But evolution can go too far sometimes. It can lead us to a place that works physically but hampers us spiritually. Great Buddhist teachers have pontificated on attachment and its ability to lash us to the lives that we can see and experience in a tactile sense, depriving us of something far more profound.
Tolle described a Death that is useful, but I think the power of Shavuot grants us a way to supercharge that detachment and “stripping away” as we find ourselves in a place much more unified to our Source at this time of year.
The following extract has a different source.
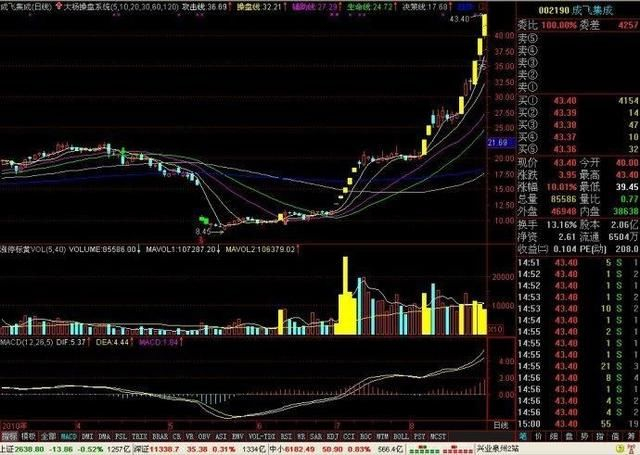 那些涨停的股票或者是短期内快速上涨的股票,在他们发起总攻的那一瞬间会出现异常的成交量,平时只有几十手的成交量水平,一旦股票开始快速上涨,成交量马上就变大几倍甚至几十倍,突然出来的大笔成交让我们都不约而同地认识到主力开始拉抬了,在分时图中留下了一根很长的成交量线,我们形象地叫它为“顶天量峰”。

I rarely quote two people in my blogs, but David Foster Wallace, in his commencement speech at Kenyon College, elaborated on just this point:
“In the day-to-day trenches of adult life, there is actually no such thing as atheism. There is no such thing as not worshipping. Everybody worships. The only choice we get is what to worship. And an outstanding reason for choosing some sort of God or spiritual-type thing to worship—be it J.C. or Allah, be it Yahweh or the Wiccan mother-goddess or the Four Noble Truths or some infrangible set of ethical principles—is that pretty much anything else you worship will eat you alive. If you worship money and things—if they are where you tap real meaning in life—then you will never have enough. Never feel you have enough. It’s the truth. Worship your own body and beauty and sexual allure, and you will always feel ugly, and when time and age start showing, you will die a million deaths before they finally plant you. On one level, we all know this stuff already—it’s been codified as myths, proverbs, clichés, bromides, epigrams, parables: the skeleton of every great story. The trick is keeping the truth up-front in daily consciousness. Worship power—you will feel weak and afraid, and you will need ever more power over others to keep the fear at bay. Worship your intellect, being seen as smart—you will end up feeling stupid, a fraud, always on the verge of being found out.”
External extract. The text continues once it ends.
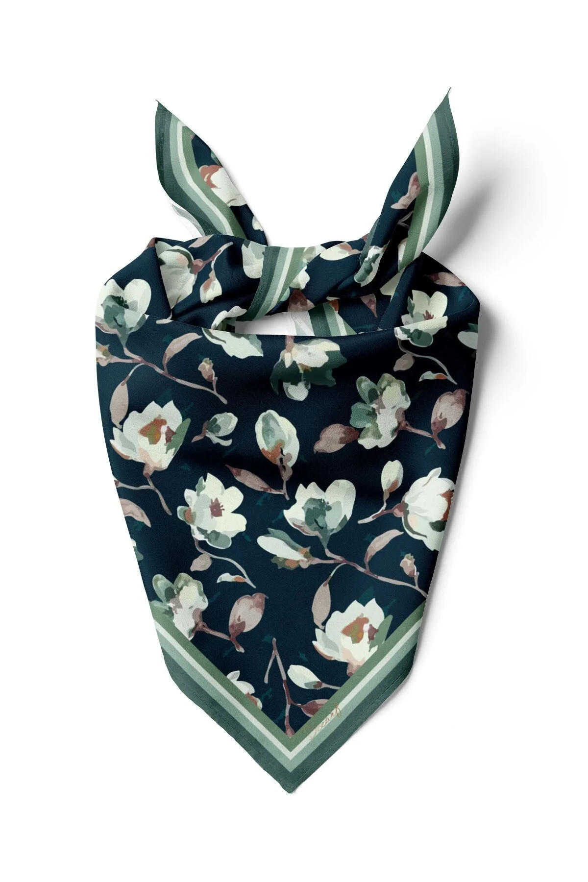 Koyu zemin üzerine soft tonlu çiçek desenleriyle zamansız ve şık bir görünüm sunar. Günlük kombinlerde, ofis stilinde veya özel davetlerde rahatlıkla kullanılabilir. Boyunda, çantada ya da saç aksesuarı olarak farklı stillerle uyum sağlar.

And that’s it, isn’t it? We get so connected to these concepts of what we strive for and what we think we love that we forget to put in the work to truly elevate ourselves, and we run out of our limited time on Earth.
Karen Berg liked to tell the story of when God wanted to give the Torah to the people at Shavuot. The angels became angry and said to God: “Why would you want to give the Torah to people? To finite beings that are corrupt, mean, and do all the negative things that finite beings do?”
And God answered the angels: “My beloveds, you were put into this world to do my bidding with no free will of your own. These finite beings which I have created were given the ability to choose between Light and darkness. This is a tool I have given to them to bring their souls back to me, so that they may appreciate the harmony that can exist in the total unity of the Creator and the created.”
Shavuot is a window that allows us to tap into a unique energy that can help us choose between Light and darkness. It is an opportunity to touch immortality; to choose to live in unadulterated truth, growth, and change. It is a moment to shed everything that is not us and receive a Revelation of what we can be when we are fully connected to the divine.
So, what are we doing with this moment of energetic cohesion?
RETHINK MOMENT: What part of yourself can you detach from to become the person you want to be?